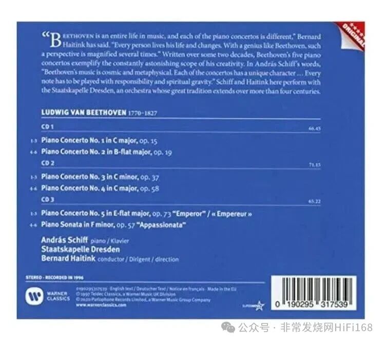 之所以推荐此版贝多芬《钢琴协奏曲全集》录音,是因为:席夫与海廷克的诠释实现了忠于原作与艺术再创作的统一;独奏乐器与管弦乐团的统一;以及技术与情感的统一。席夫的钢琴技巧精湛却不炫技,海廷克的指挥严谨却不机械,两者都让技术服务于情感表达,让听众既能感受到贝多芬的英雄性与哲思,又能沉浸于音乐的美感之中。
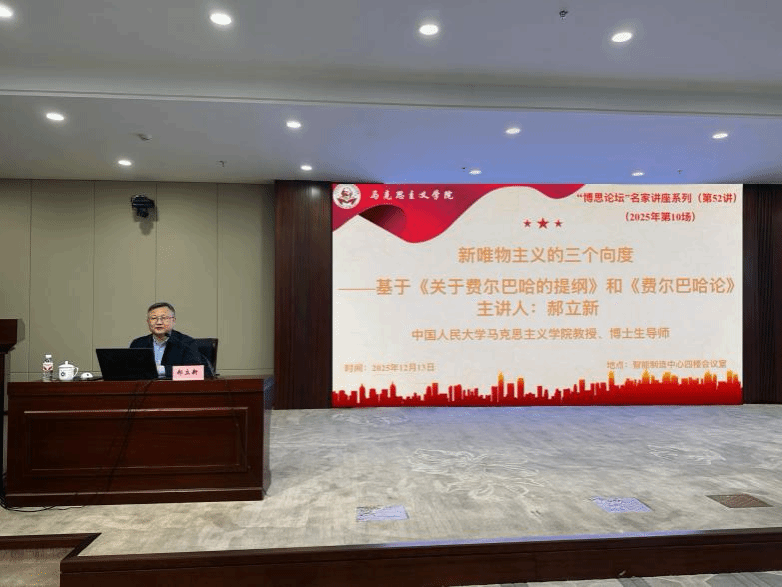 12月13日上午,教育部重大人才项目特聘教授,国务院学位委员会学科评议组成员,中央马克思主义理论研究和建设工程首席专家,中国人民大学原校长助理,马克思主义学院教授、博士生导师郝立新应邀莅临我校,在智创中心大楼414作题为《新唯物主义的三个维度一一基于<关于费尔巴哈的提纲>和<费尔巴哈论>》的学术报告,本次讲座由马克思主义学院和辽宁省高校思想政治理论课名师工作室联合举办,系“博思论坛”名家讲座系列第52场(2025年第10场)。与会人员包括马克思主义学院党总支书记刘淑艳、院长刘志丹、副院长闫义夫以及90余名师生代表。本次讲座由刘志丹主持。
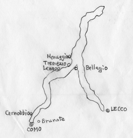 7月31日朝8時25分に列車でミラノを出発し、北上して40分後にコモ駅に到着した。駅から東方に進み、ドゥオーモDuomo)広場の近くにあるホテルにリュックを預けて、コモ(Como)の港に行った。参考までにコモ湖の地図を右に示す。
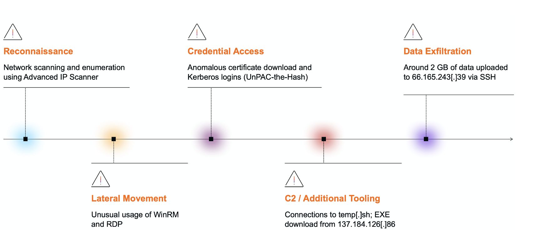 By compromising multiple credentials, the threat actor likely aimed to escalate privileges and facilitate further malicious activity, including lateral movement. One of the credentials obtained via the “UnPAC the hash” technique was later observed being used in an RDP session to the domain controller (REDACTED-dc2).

____

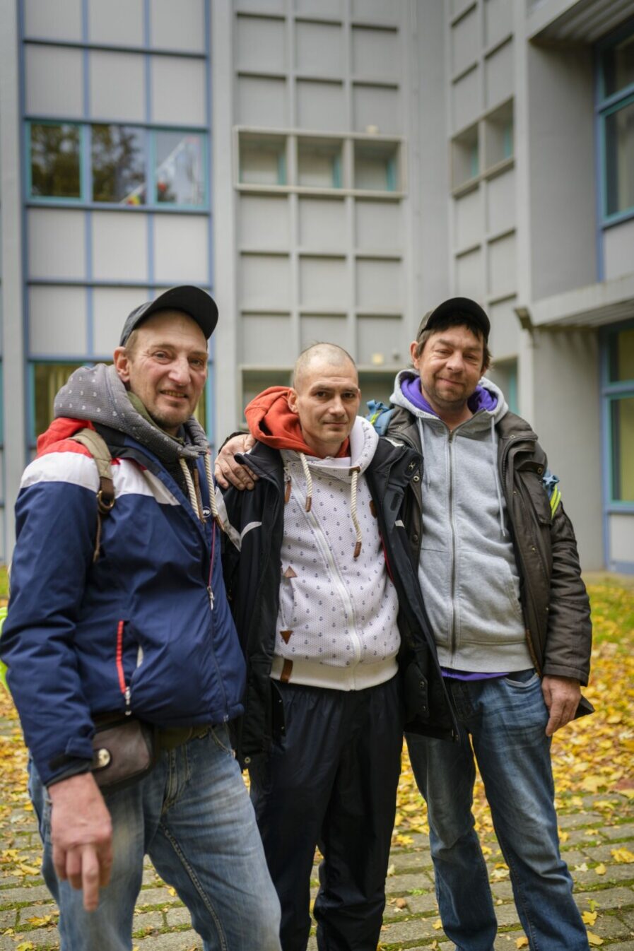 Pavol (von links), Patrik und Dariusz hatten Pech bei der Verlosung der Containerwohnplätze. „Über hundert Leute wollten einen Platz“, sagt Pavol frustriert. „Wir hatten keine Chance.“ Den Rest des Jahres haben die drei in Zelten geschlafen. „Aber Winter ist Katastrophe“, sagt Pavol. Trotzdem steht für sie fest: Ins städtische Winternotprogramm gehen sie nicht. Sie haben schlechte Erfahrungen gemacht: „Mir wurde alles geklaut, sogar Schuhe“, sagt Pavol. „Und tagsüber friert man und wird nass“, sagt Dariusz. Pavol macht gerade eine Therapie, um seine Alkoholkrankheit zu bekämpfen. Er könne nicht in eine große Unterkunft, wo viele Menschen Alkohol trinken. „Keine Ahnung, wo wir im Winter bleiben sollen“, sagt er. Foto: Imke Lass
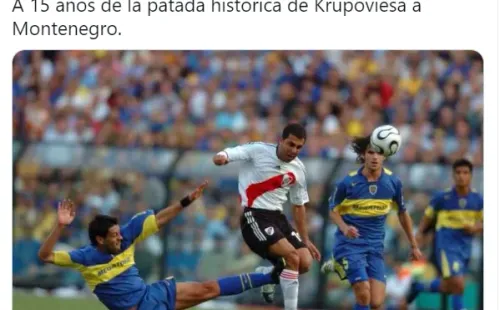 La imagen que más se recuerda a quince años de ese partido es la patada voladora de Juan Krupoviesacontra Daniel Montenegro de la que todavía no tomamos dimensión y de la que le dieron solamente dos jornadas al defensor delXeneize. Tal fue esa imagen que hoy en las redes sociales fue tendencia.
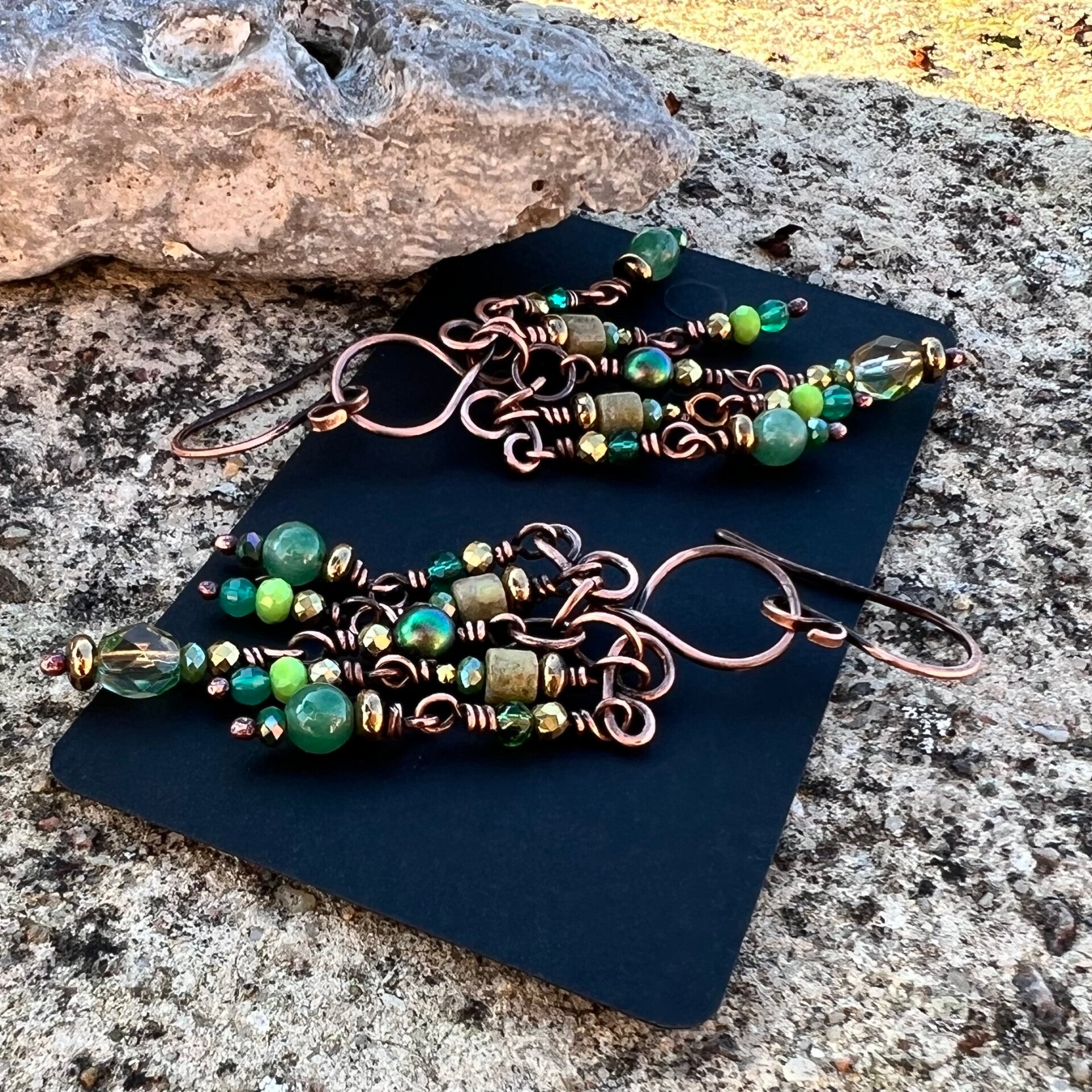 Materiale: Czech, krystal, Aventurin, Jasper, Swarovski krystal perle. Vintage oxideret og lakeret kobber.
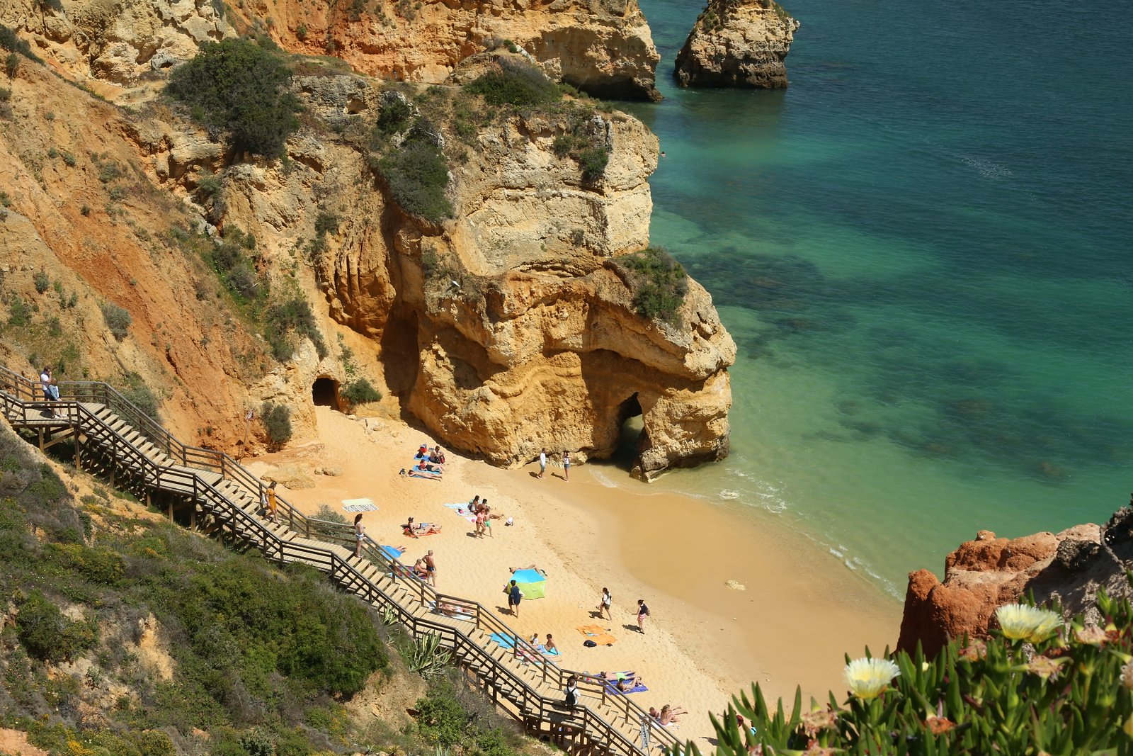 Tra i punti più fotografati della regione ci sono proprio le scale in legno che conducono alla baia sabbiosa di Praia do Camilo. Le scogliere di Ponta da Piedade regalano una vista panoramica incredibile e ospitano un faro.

____

* [ASSIGNMENT] Working from the entries above, please transcribe only the lines from the line with "之所以推荐此版贝多芬《钢琴协" through the line with "By compromising multiple", exactly, with both end lines and without pictures.

* [RESULT FOR THIS EXERCISE]
 之所以推荐此版贝多芬《钢琴协奏曲全集》录音,是因为:席夫与海廷克的诠释实现了忠于原作与艺术再创作的统一;独奏乐器与管弦乐团的统一;以及技术与情感的统一。席夫的钢琴技巧精湛却不炫技,海廷克的指挥严谨却不机械,两者都让技术服务于情感表达,让听众既能感受到贝多芬的英雄性与哲思,又能沉浸于音乐的美感之中。
 12月13日上午,教育部重大人才项目特聘教授,国务院学位委员会学科评议组成员,中央马克思主义理论研究和建设工程首席专家,中国人民大学原校长助理,马克思主义学院教授、博士生导师郝立新应邀莅临我校,在智创中心大楼414作题为《新唯物主义的三个维度一一基于<关于费尔巴哈的提纲>和<费尔巴哈论>》的学术报告,本次讲座由马克思主义学院和辽宁省高校思想政治理论课名师工作室联合举办,系“博思论坛”名家讲座系列第52场(2025年第10场)。与会人员包括马克思主义学院党总支书记刘淑艳、院长刘志丹、副院长闫义夫以及90余名师生代表。本次讲座由刘志丹主持。
 7月31日朝8時25分に列車でミラノを出発し、北上して40分後にコモ駅に到着した。駅から東方に進み、ドゥオーモDuomo)広場の近くにあるホテルにリュックを預けて、コモ(Como)の港に行った。参考までにコモ湖の地図を右に示す。
 By compromising multiple credentials, the threat actor likely aimed to escalate privileges and facilitate further malicious activity, including lateral movement. One of the credentials obtained via the “UnPAC the hash” technique was later observed being used in an RDP session to the domain controller (REDACTED-dc2).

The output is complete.